Further, the photoreception device 204 includes the oblique surface 3A generally at a center of the device substrate 3 with an angle .THETA..sub.2 with respect to the principal surface of the support substrate 1, wherein the oblique surface 3A of the device of FIG. 3B is covered by a reflective metal coating 15, such that the oblique surface 3A causes a reflection of the optical beam emitted from the edge surface 13A of the optical waveguide 13 and entered into the device substrate 3 at the vertical side wall, toward the diffusion region 7b. It is also possible to cause the desired deflection of the optical beam by the total reflection at the foregoing oblique surface 3A. It should be noted that the photoreception device 204 is mounted on the support substrate 1 by soldering the foregoing metal coating 15 covering the lower major surface of the device substrate 3 on the top surface of the support substrate 1.

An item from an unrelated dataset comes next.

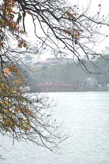 Màu sơn son đỏ nổi bật trên nền nước hồ Gươm xanh biếc - Cầu Thê Húc vẫn nằm đó dịu dàng mà mạnh mẽ chứng kiến bao thăng trầm của thủ đô Hà Nội.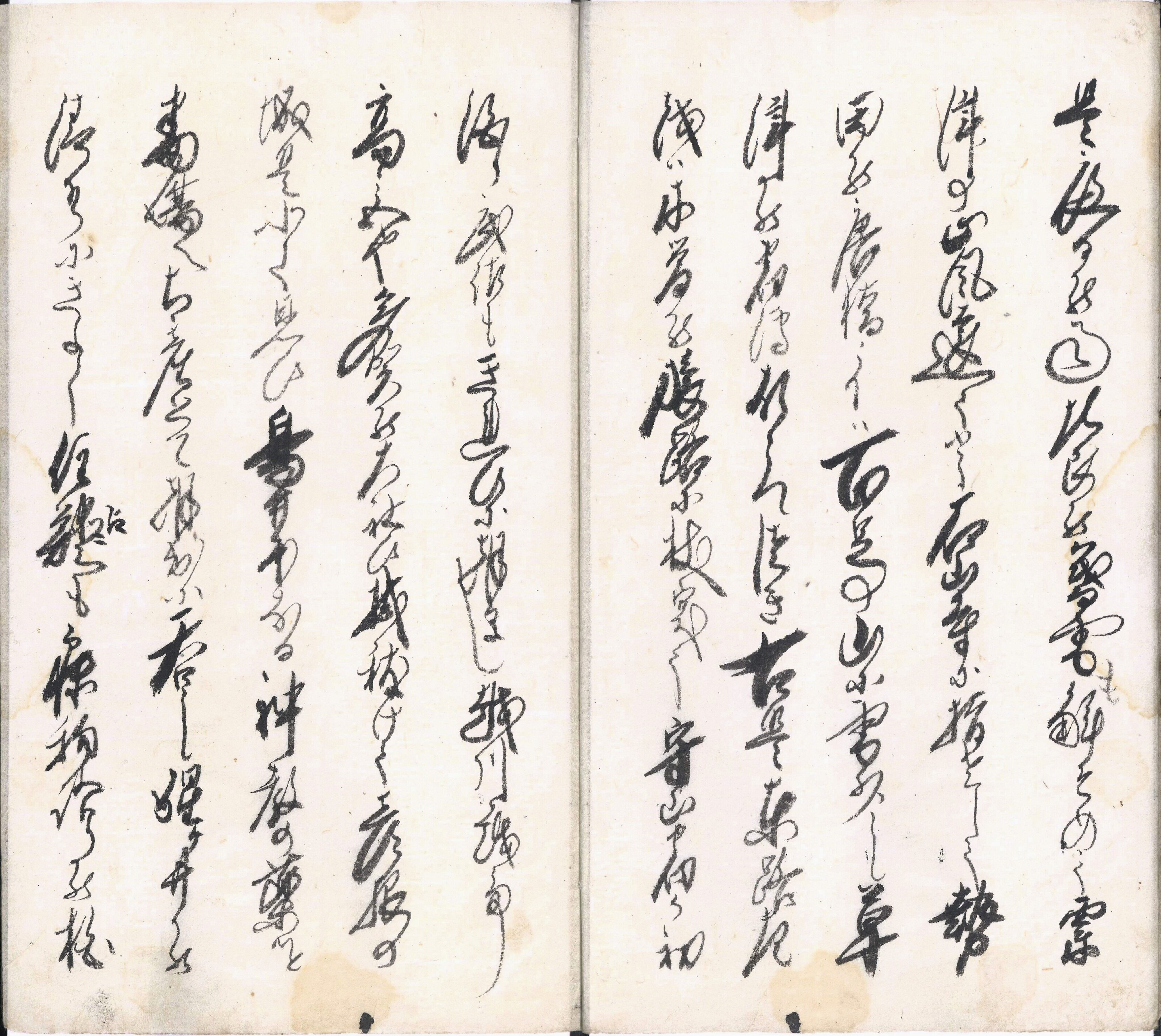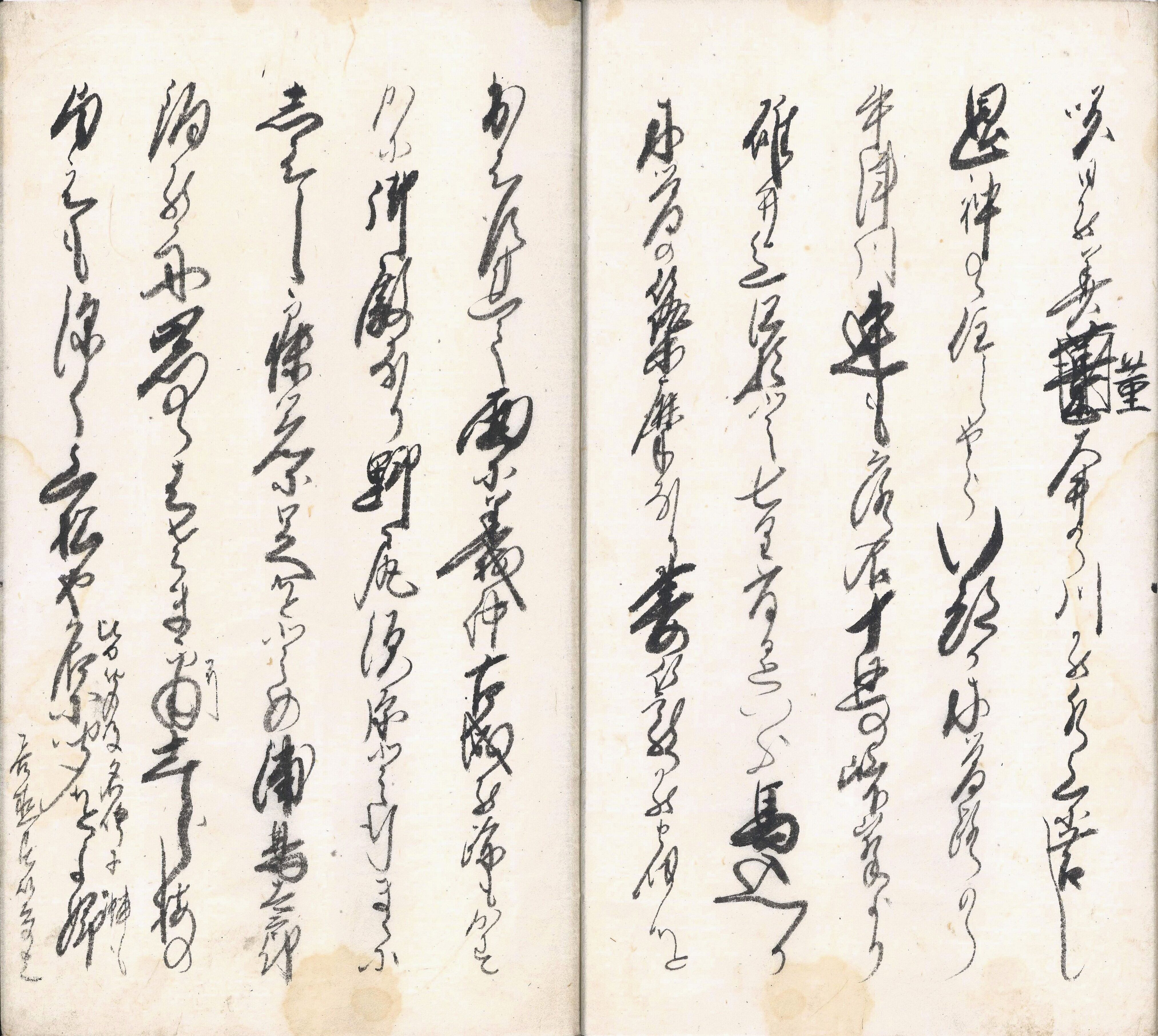 【備考】分類「往来物」。2冊とも、信州佐久郡熊久保村(現・長野県佐久市伴野熊久保)の原家で使用された手習本。第1冊に「松喜蔵■(書?)」「信州佐久郡熊久保、原両平」「嘉永七年寅十二月、人王三十一代、熊久保、原徳助書」、第2冊に「進上、小原、相浜村、碓氷伝兵衛」の書き入れがある。『木曽路下向往来』は、京都三条大橋から、信州軽井沢宿(長野県北佐久郡軽井沢町)までの中山道を宿駅を、その沿道の名所や風景を読み込みながら綴った往来物。嘉永7年本は、「華の錦の九重の、空は六十路の衢にて、渡りはじむる三条の、大橋越て三井寺の、鐘の闇に車牛、歩行も早き大津宿、琵琶の湖を見わたせば、矢橋の郷帆も薄霞、堅固の雁も囀ば…」と起筆し、「…少し噺して岩村田、小田井の蛙啼そめて、浅間嵐も只さむく、相生宿を追分と、誰か名を附て沓掛や、蜘場ヶ原に不改、居る鶴の羽筆も遠とふと、荷物も足も軽井沢」と結ぶ。SE03171

In any of the foregoing conventional optical module structures of FIGS. 3A and 3B, the sub-mount 2 or 14 used in the previously described prior art is eliminated, and the number of the parts forming the module is reduced substantially. Further, the optical module structures of FIG. 3A or 3B, in which the photoreception device is mounted directly on the support substrate 1, allows an exact positioning of the photoreception device 203 or 204 on the support substrate 1 by merely using a marker M. Thus, the optical module 103 or 104 is easy for assembling, and the cost of the device is reduced substantially.
It should be noted that the construction of FIG. 2 as well as the constructions of FIGS. 3A and 3B are disclosed in the Japanese Laid-open Patent Publication 8-316506 corresponding to the U.S. patent application Ser. No. 08/552,474 filed Nov. 9, 1995, which is incorporated herein as reference. It should be noted that the foregoing Japanese Laid-open Patent Publication 8-316506 was laid-open on Nov. 29, 1996.
On the other hand, there is a further room for improvement in the optical modules 103 and 104 of FIGS. 3A and 3B with regard to size, integration density, easiness of assembling and cost.